Like Uniswap has canceled liquidity mining rewards, other automatic market makers like Sushiswap cannot always compensate LP's impermanent losses through liquidity mining. The impact of canceling liquidity mining may not be obvious in a bull market, because the risk of participating in market making is relatively small in a bull market. However, in a bear market, income from handling fees will inevitably decrease, and impermanent losses will increase exponentially in a bear market. LPs have many reasons to withdraw liquidity.

(In a bull market, even if LP’s currency increases five times, it only loses 25% compared to not participating in AMM; but in a bear market, LP’s losses increase exponentially)
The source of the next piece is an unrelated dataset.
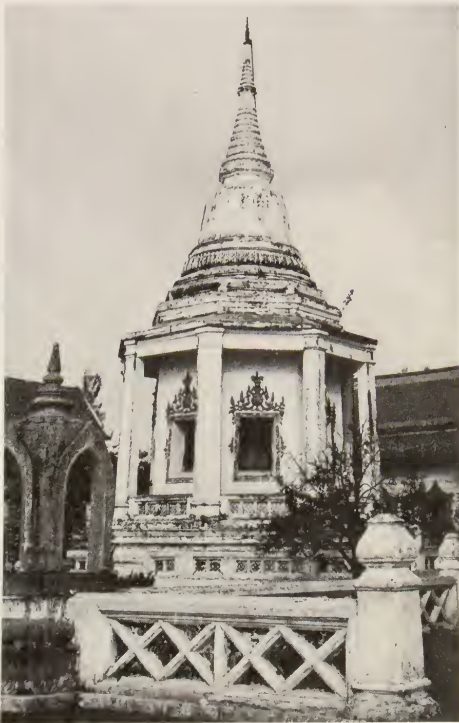
วิหารแปดเหลี่ยมยอดเจดีย์ ถ่ายจากอุโบสถ แลเห็นซุ้ม เสมาและกำแพงแก้วอุโบสถ ด้วย

For ordinary defi users like me, if we want to know the sustainability of doing LP in AMM, there are two questions that need to be answered: 1. If there is no liquidity mining, can we still generate enough income? 2. Compared with AMM, is the market-making strategy of traditional market makers better?
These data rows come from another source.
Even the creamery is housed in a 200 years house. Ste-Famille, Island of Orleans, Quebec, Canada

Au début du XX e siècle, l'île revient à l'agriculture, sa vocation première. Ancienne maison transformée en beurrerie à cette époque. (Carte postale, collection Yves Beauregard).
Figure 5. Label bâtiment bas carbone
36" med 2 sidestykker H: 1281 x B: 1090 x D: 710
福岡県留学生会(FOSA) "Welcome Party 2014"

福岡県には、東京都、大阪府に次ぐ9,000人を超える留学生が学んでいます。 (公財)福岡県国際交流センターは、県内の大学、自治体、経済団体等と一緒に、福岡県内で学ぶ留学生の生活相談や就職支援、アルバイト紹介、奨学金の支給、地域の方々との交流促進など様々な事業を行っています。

In essence, liquidity mining is an unsustainable reward, which can only compensate for the impermanent loss of LP in the short to medium term. For LPs, the only sustainable income comes from the handling fees generated by users using DEX. However, the dilemma of AMM is that if AMM stops liquidity mining rewards, it can easily lose TVL (Total Value Locked) or be attacked by vampires.

As a leading DEX, although Uniswap has canceled liquidity mining rewards, it is still profitable to earn handling fees alone. APY Vision shows an average fee of 53% over the past 30 days. But this does not mean that all AMMs are the same. In fact, even Uniswap lost a lot of liquidity in the short term after suspending liquidity mining rewards in November 2020. Not to mention the vampire attack completed by sushiswap in August last year. If it is sushiswap, because of its lower trading volume, its 30-day average income from handling fees is only about 15%.

Source: APY Vision

Although currently Uniswap can earn enough income only by handling fees, once it enters a bear market, the handling fees will be reduced, and with the exponential increase in impermanent losses, there is no reason for AMM's LPs not to withdraw liquidity.
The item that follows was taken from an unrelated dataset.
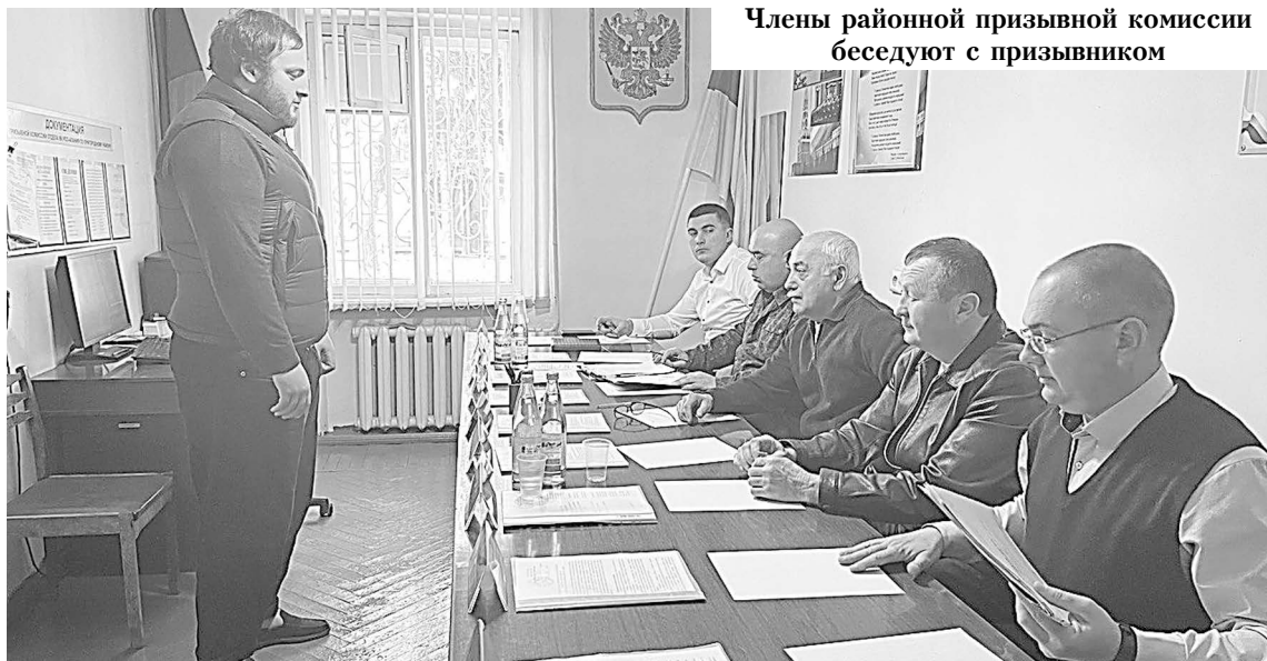
Члены районной призывной комиссии беседуют с призывником

Ребята ждут службу в сухопутных, военно-воздушных, железнодорожных войсках, ВДВ и войсках нацио-

The strategy of traditional market makers is completely different from the logic of automatic market makers like uniswap. For traditional market makers like Citidel and Jump Trading, their income mainly comes from "buying low and selling high" on assets to earn price differences, and traditional market makers will not be like LPs of automatic market makers when completing transactions Earn most of the commission, and even pay the commission.

Therefore, they care a lot about managing "inventory risk". For example, when making a market for BTC/USDT, like LPs in automatic market makers, traditional market makers will also prepare 50% of BTC and 50% of USDT, but traditional market makers will confirm that BTC is "reasonable" Price", and place an order at this "reasonable price" to buy low and sell high. If BTC suddenly drops sharply, traditional market makers will analyze the reasons for the drop and judge whether it will be lasting. If it is persistent, traditional market makers will stop buying low and start selling low to balance their inventory ratio. When the decline is over, traditional market makers will start to "buy low and sell high" again. At present, in the field of cryptocurrency, there are services like Humming bot that provide traditional market-making strategies for ordinary users, but their popularity is far less than that of automatic market makers.

The advantages of automatic market makers and traditional market makers are a bit like the pros and cons of a coin, which cannot be enjoyed at the same time. On the one hand, although automatic market makers cannot "withdraw" liquidity at any time when the market falls like traditional market makers, LPs can earn most of the handling fees and participate in liquidity mining. On the other hand, traditional market makers can more flexibly judge whether the current market situation is suitable for market making, which greatly reduces risks.

To put it simply, in a bull market, automatic market makers will bring higher returns to LPs than traditional market maker strategies; while in a bear market, traditional market makers’ market-making strategies will look much better than automatic market makers.